# Ford Focus ST Diesel....Europe. Yes I know this is a Chevy site.



## Boog8302 (Sep 6, 2013)

So my brother sent me this article on a new version of the Ford Focus. The Ford Focus ST is going to come in a diesel model. Unfortunately it is only sold in Europe and there arent any plans for bringing it to the US. I was excited when I read the article. Thinking that there would be another diesel car hitting the roads here in America, but then was saddened as I read on. Dont get me wrong I love my Cruze and wouldnt trade it for the world, but it would be interesting to see another American company produce a diesel car here. The car is supposed to produce 185hp and 295lb-ft torque. Here is the article so you can read for yourself. Who knows maybe one day we will see these on the roads and we can have a Focus ST/Cruze show down here in America. 

2015 Ford Focus ST TDCi First Look


----------



## jblackburn (Apr 14, 2012)

Looks kinda slow compared to the 2.0 Ecoboost version...but I bet the torque coupled with a manual is fun. Focus ST fun though? Idk.

I do wish they'd bring some of the regular diesel Fords here though. The plain-jane versions of the Focus, Fusion, Escape would probably be great with a diesel motor. I wonder if they're waiting for Chevy to take the first steps with the Cruze and upcoming Colorado/Canyon and see how they sell before doing the work of bringing theirs over.


----------



## Boog8302 (Sep 6, 2013)

jblackburn said:


> Looks kinda slow compared to the 2.0 Ecoboost version...but I bet the torque coupled with a manual is fun. Focus ST fun though? Idk.
> 
> I do wish they'd bring some of the regular diesel Fords here though. The plain-jane versions of the Focus, Fusion, Escape would probably be great with a diesel motor. I wonder if they're waiting for Chevy to take the first steps with the Cruze and upcoming Colorado/Canyon and see how they sell before doing the work of bringing theirs over.


The times kinda threw me off too. For having that much HP and Torque you would think that the times would be better than the Cruze. I mean, the Cruze is rated at 0-60 in like 8.9 sec. I know I have gotten mine to 60 faster than that. So that number is underrated, so maybe it is the same for the Focus.


----------



## Aussie (Sep 16, 2012)

A bit of reading, but here is all the information about the Focus available in Australia including towing capacity. I can't find what it weighs with a diesel though?

Ford Australia - Focus - Specifications & Options


----------



## Boog8302 (Sep 6, 2013)

Aussie said:


> A bit of reading, but here is all the information about the Focus available in Australia including towing capacity.
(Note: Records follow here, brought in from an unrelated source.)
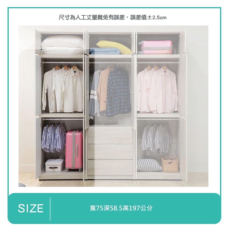 直人木業-北歐白楓木高被櫃衣櫃225公分(配色雙門75公分+三抽75公分+全白雙門75公分)
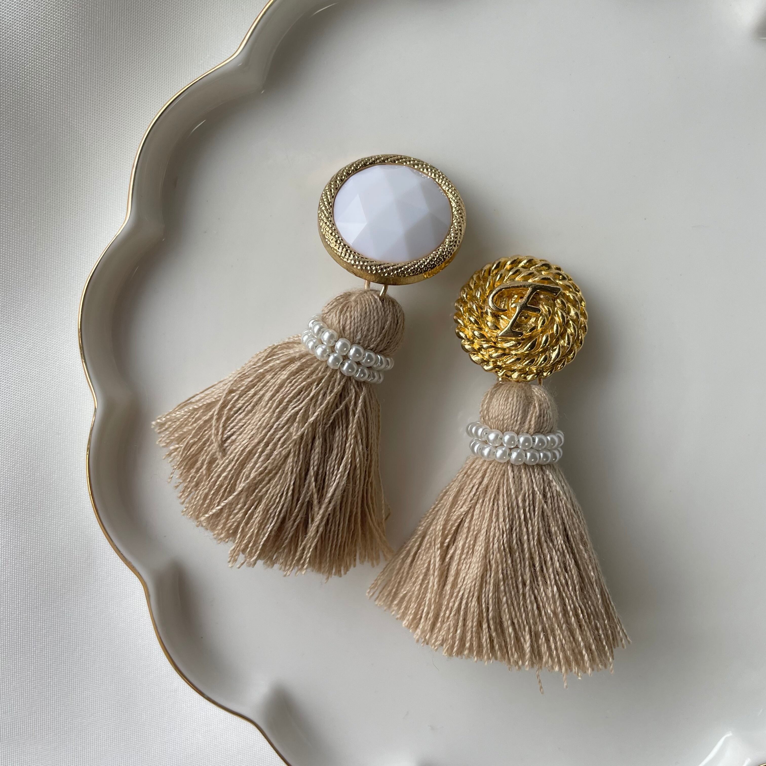 【1点物ピアスのみ*】アシメボタン×ふわっとタッセルピアスA
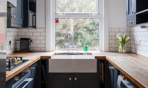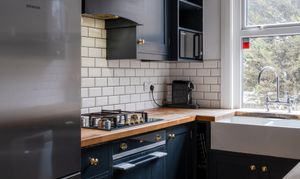 In the kitchen, smart inky-blue in-frame cabinetry pairs with solid oak worktops and a white metro-tiled splashback. There’s a fabulous double butler sink with a chrome tap, while appliances include a Smeg oven and four-ring gas hob with overhead extractor. There’s also space for a freestanding dishwasher, microwave and fridge-freezer.
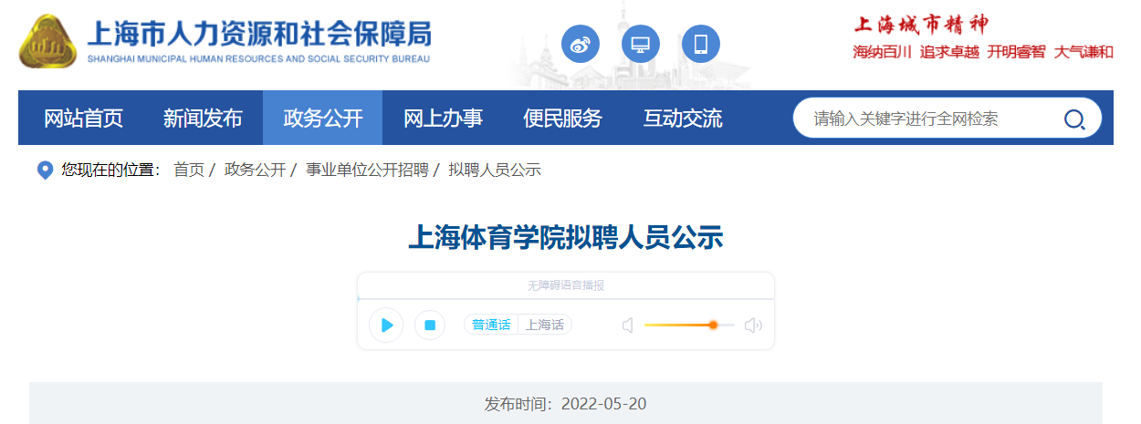 2022上海體育學(xué)院擬聘人員公示已發(fā)布,公示時(shí)間:2022年05月20日—2022年05月27日,現(xiàn)將原文發(fā)布如下:
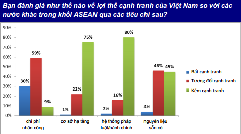 Mặt khác, phần lớn các doanh nghiệp này lại đánh giá Việt Nam đang kém cạnh tranh về mặt cơ sở hạ tầng và hệ thống pháp luật/hành chính so với các nước khác trong khối ASEAN.
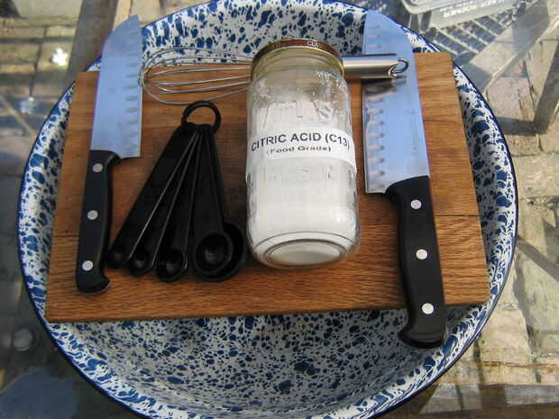 Grado de alimentos ácido cítrico a 1 cucharadita por galón de agua o jugo de limón a Tablespons 3-4 por galón de agua para remojar. Esto evitará que los chips de oscurecimiento durante el secado y almacenamiento.
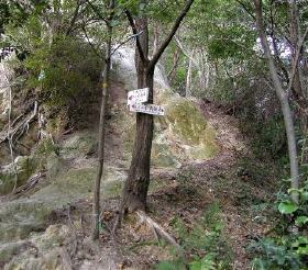 しばらく行くと満願寺との分岐部。右に行くと満願寺。左上に登ると岩場。
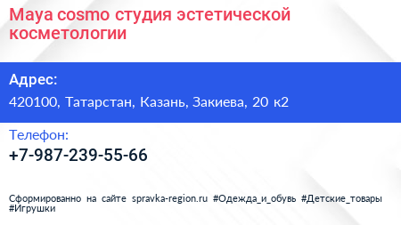 Maya cosmo, студия эстетической косметологии по адресу 420100, Татарстан, Казань, Закиева, 20 к2 в дальнейшем Организация, размещена в следующих категориях:
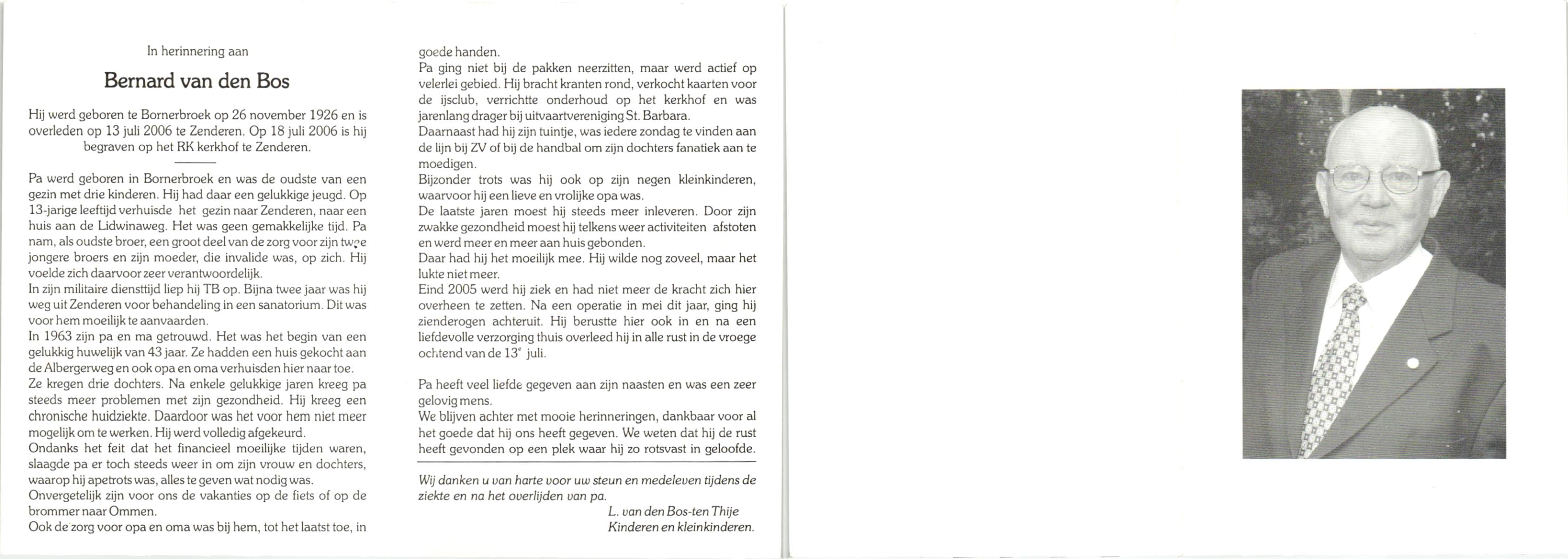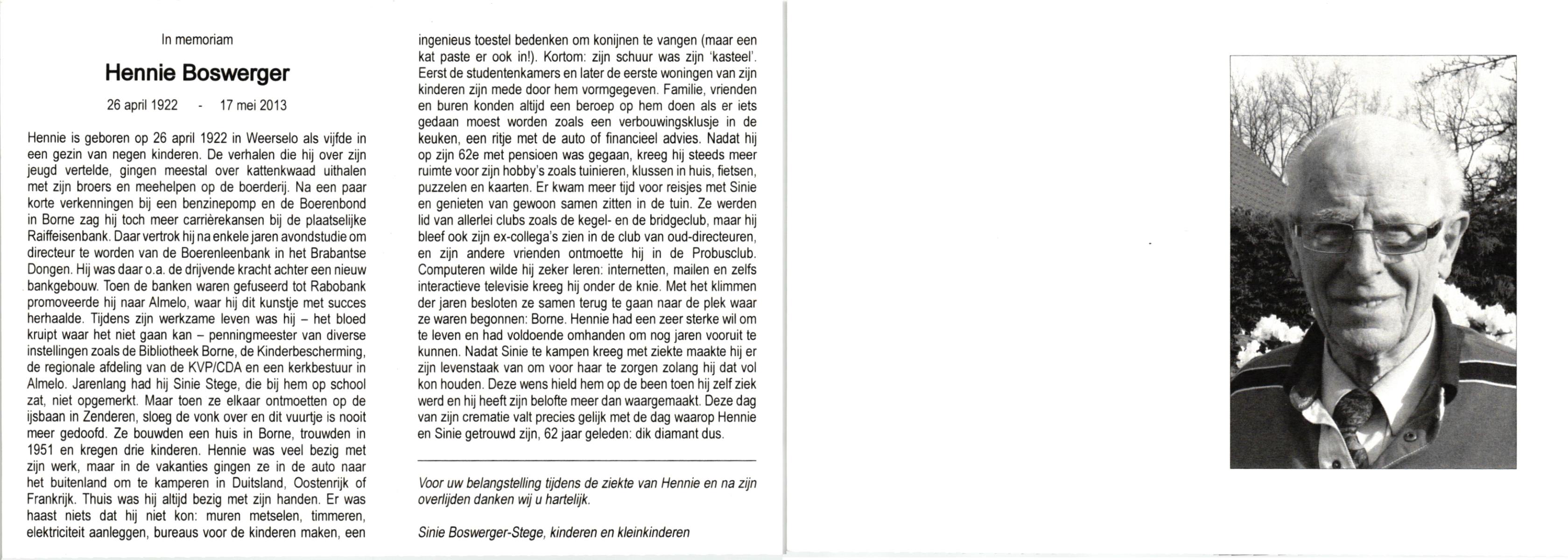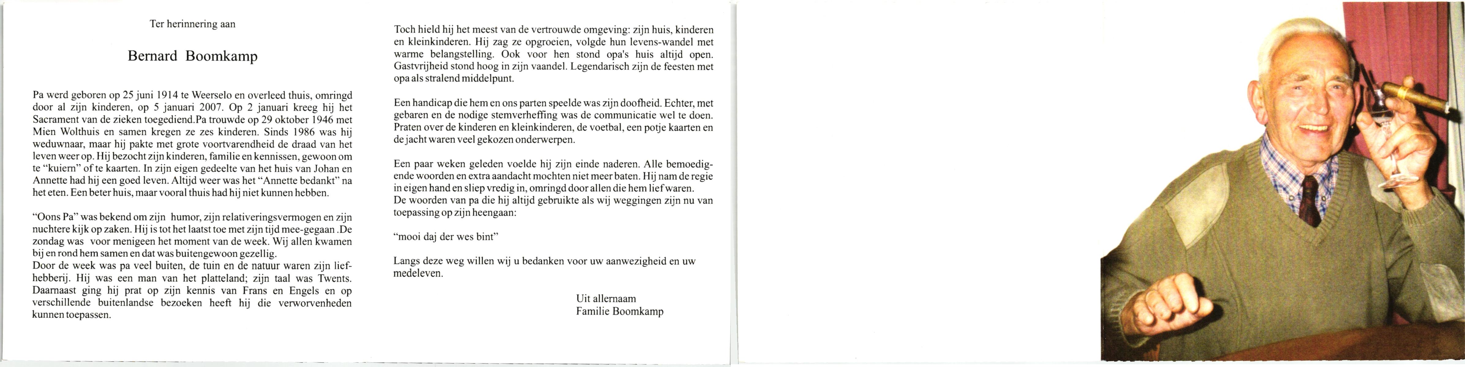 BOOMKAMP, , Bernard, geboren op 25-6-1914 te Weerselo, overleden op 5-1-2007 op 92-jarige leeftijd.
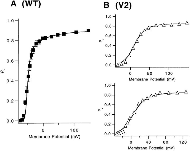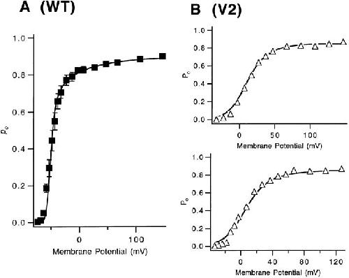 Figure 5. Fits of Scheme 0+2′ to the equilibrium Po at depolarized voltages for WT (A) and V2 (B). For V2, we have fitted Po-V relations obtained from current measurements made in two patches (v096 and v142). For WT, we have fitted the mean Po-V relation, since its complete Po-V relation was constructed using observations that were made in more than one patch (Schoppa and Sigworth, 1998a). In fitting WT's Po-V relation, we are here only interested in the shape of the Po-V relation at depolarized voltages, but needed to add several early transitions to Scheme 0+2′ to approximate Po at lower voltages. The model used wasin which we have added one set of four subunit transitions to Scheme 0+2′. For the modified model, the charge associated with S0 ↔ S1 was set at 2.55 e0 and its midpoint voltage was −53 mV. The simulations for V2 reflect Scheme 0+2′, but the values for βN-1(0) varied slightly from those in Table I; for the two patches, βN-1(0) was 17,000 and 14,000 s−1.
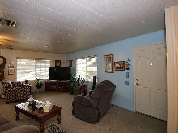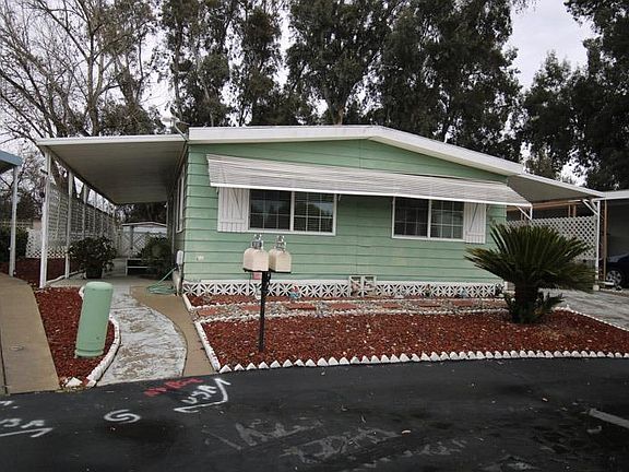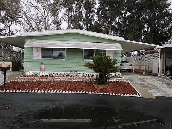 Charming 2 bedroom 2 bath home in Kings River Mobile Home community with spacious living room and dining area with built in hutch. The cheerful kitchen and baths have updated laminate flooring. There is newer carpet through out the house, and a cozy den/study perfect for relaxation or home office space. This home also includes a convenient indoor laundry, duel pane windows, security screen doors on front and back, and is situated in a oversized fenced cul-de-sac lot that backs up to the Kings River with covered parking, patio area, and various citrus trees. Call today for your private showing!
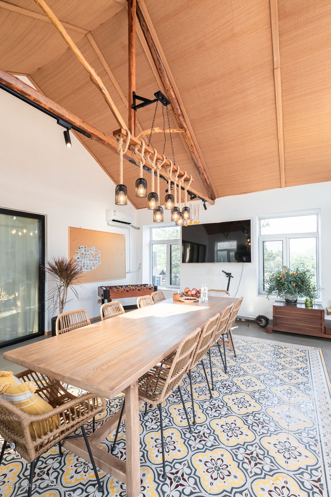 ⧠ 同时,这里又是我们平常的吃饭聚餐区,我和卢设计都非常喜欢很认真的吃早饭,所以我们经常会在没有紧急工作安排的日子起床后,做一顿很丰盛的早餐,在这里一边看早间新闻,一边吃完并看着窗外发一会呆。 或者是朋友客户来聚餐的日子,这里更是热闹,三米长的餐桌上摆满大大小小的盘子,有些人还要搬吧凳过来穿插着做。孩子们有的在旁边跑来跑去,有的在玩桌上足球,大人们悠闲地吃着饭。 #餐厅 #花砖 #餐桌椅
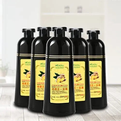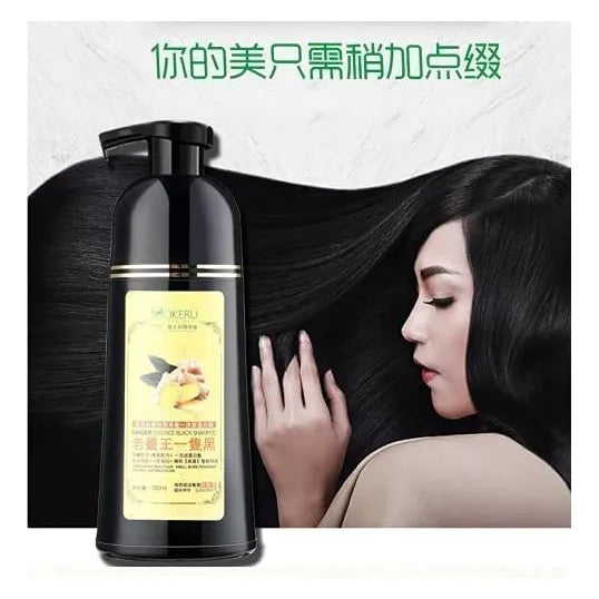 ¿Cansado de los tintes químicos que dañan tu cabello y pierden su color en semanas? Imagina lucir un negro profundo y vibrante, sin maltratar tu melena y en solo 5 minutos. El Champú de Jengibre Negro MOKERU es la solución que estabas esperando. Con ingredientes 100% naturales como esencia de jengibre, galla, flor de henna y carbón de bambú, no solo obtendrás un color duradero, sino que también nutrirás tu cabello desde la raíz.
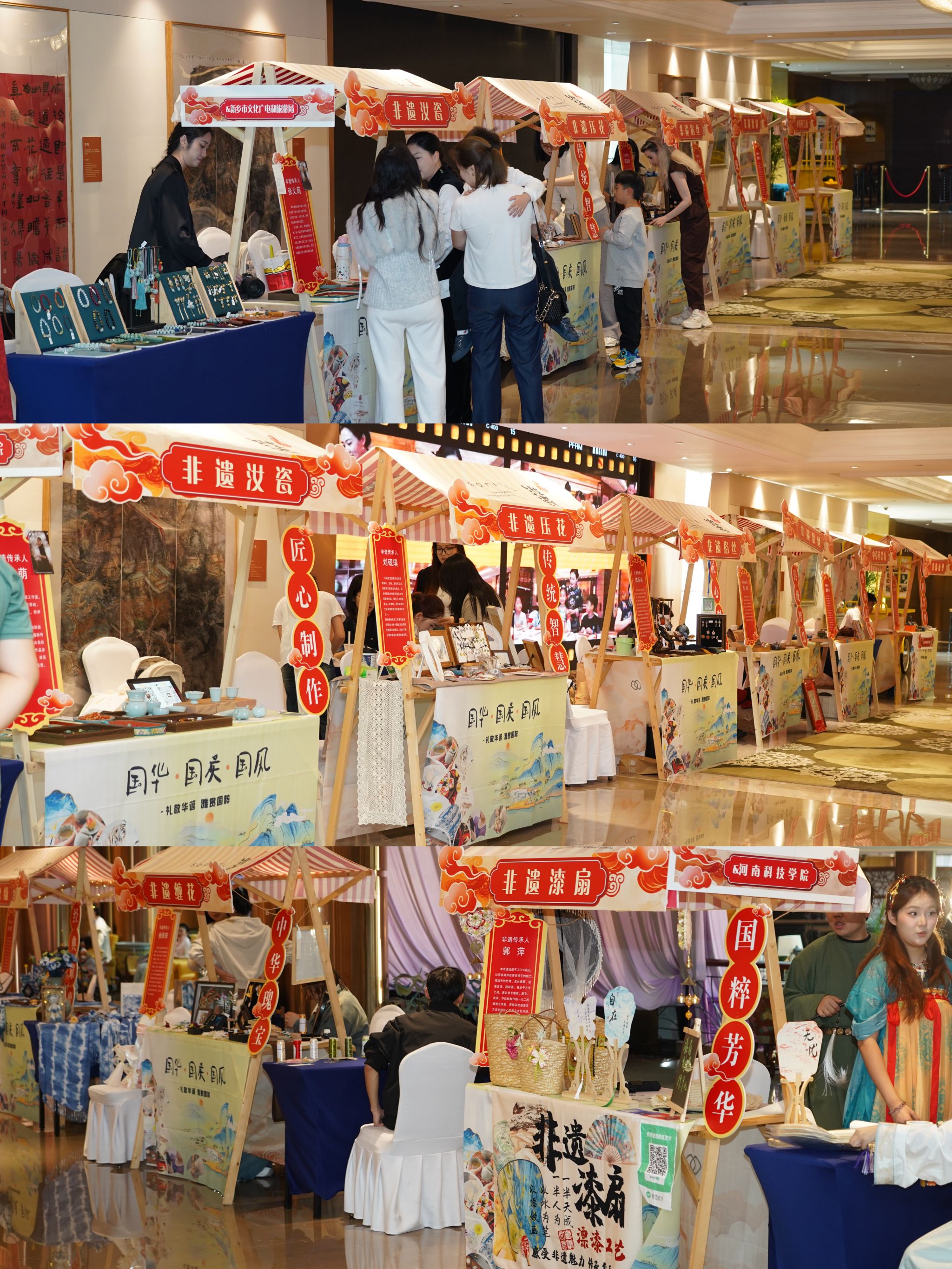 为庆祝中华人民共和国成立76周年,推动非物质文化遗产的创造性转化与创新性发展,10月2日至3日,我校分别在黄河迎宾馆与郑州索菲特国际饭店成功举办“非遗走进国宾馆”与“国庆·国华·国风”两场非遗主题市集活动。
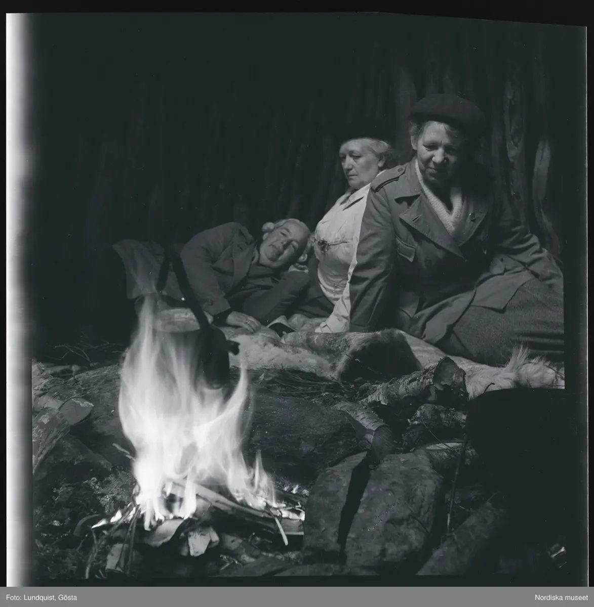 Tre kvinnor sitter runt eldstaden i en kåta.
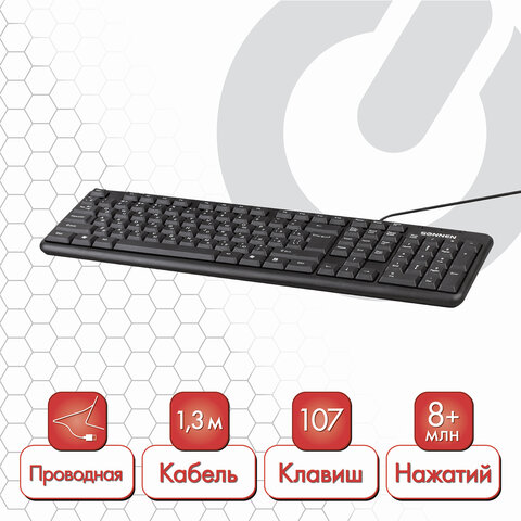 Клавиатура проводная SONNEN KB-8136, USB, 107 клавиш, черная, 512651
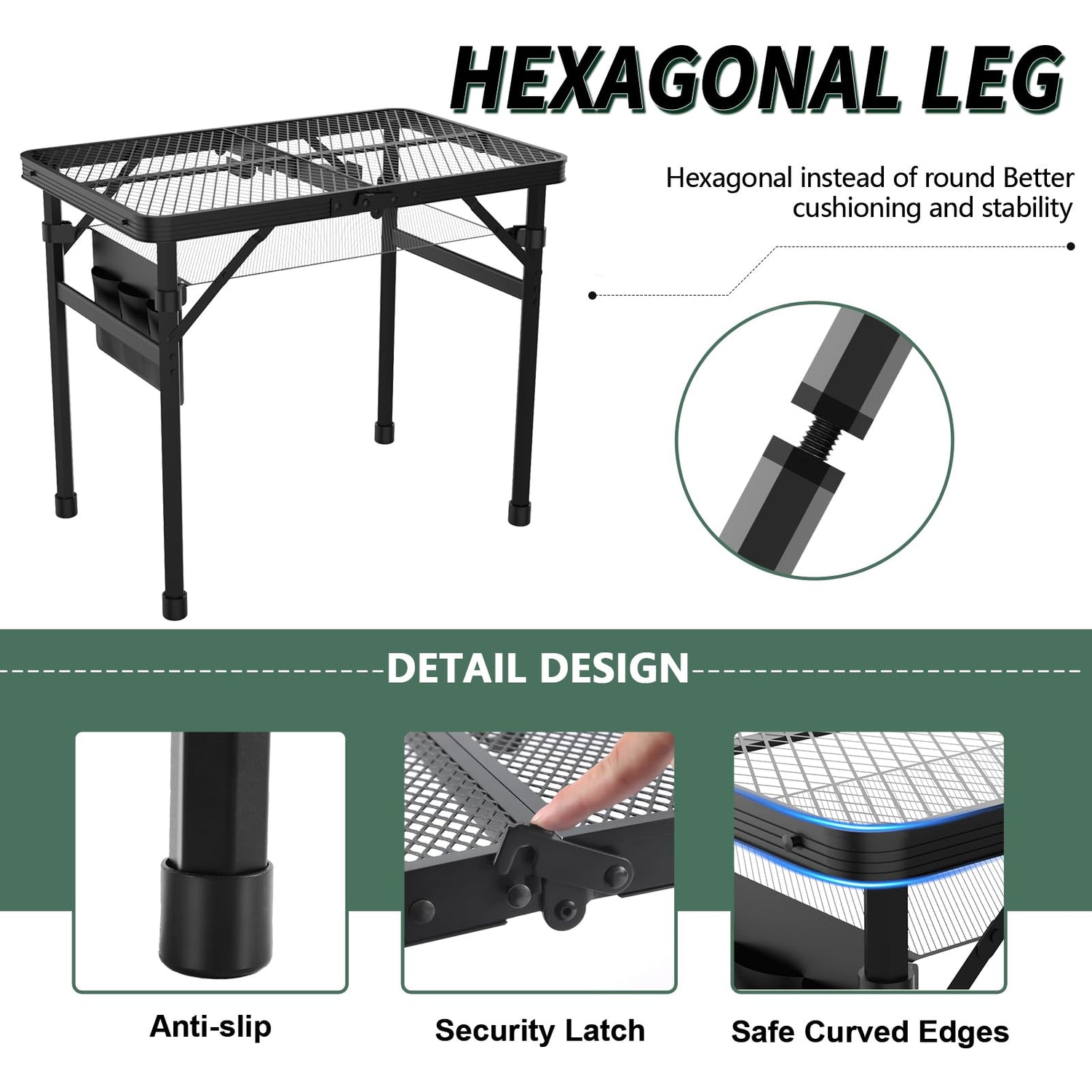 - Waterproof and Fireproof: Built to withstand the elements, our folding grill table is both waterproof and fireproof, allowing you to use it with confidence near water sources or with high-temperature equipment such as grills. Plus, this camping table easy to clean with a simple rinse.
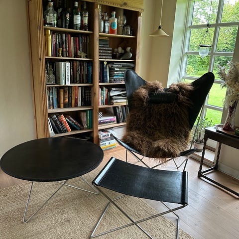 Flagermus stol , OX design, Flagermus stol fremstår i rigtig god stand. Farven er cognac.

I can't find what it weighs with a diesel though?
> 
> Ford Australia - Focus - Specifications & Options


Thanks for that info Aussie. I am always interested in seeing what cars around the world can do.


----------



## diesel (Jun 8, 2013)

That ST would be an interesting car for sure. Then there's always this:

Diesel Fans, Take Heart: The Volkswagen Golf GTD Could Be Coming To The U.S. After All - Forbes


----------



## Aussie (Sep 16, 2012)

My doctor has just been given a Golf TD by her father as a graduation present. I think it has a 1.6L engine. It is a really nice looking car.


----------



## Boog8302 (Sep 6, 2013)

I really enjoy the diesel cars. I dont think I will ever go back to gasoline, unless I absolutely have to. I really want to see more diesels become available in the US.


----------



## econrey (Jun 7, 2012)

I also read the article about this focus, and I've driven a few of the gas models. While I like Ford, I've always felt that the Cruze is a much higher quality vehicle than the focus, and Chevy did a great job with the upgraded interior for the CTD, it's much nicer than a base Jetta by far. 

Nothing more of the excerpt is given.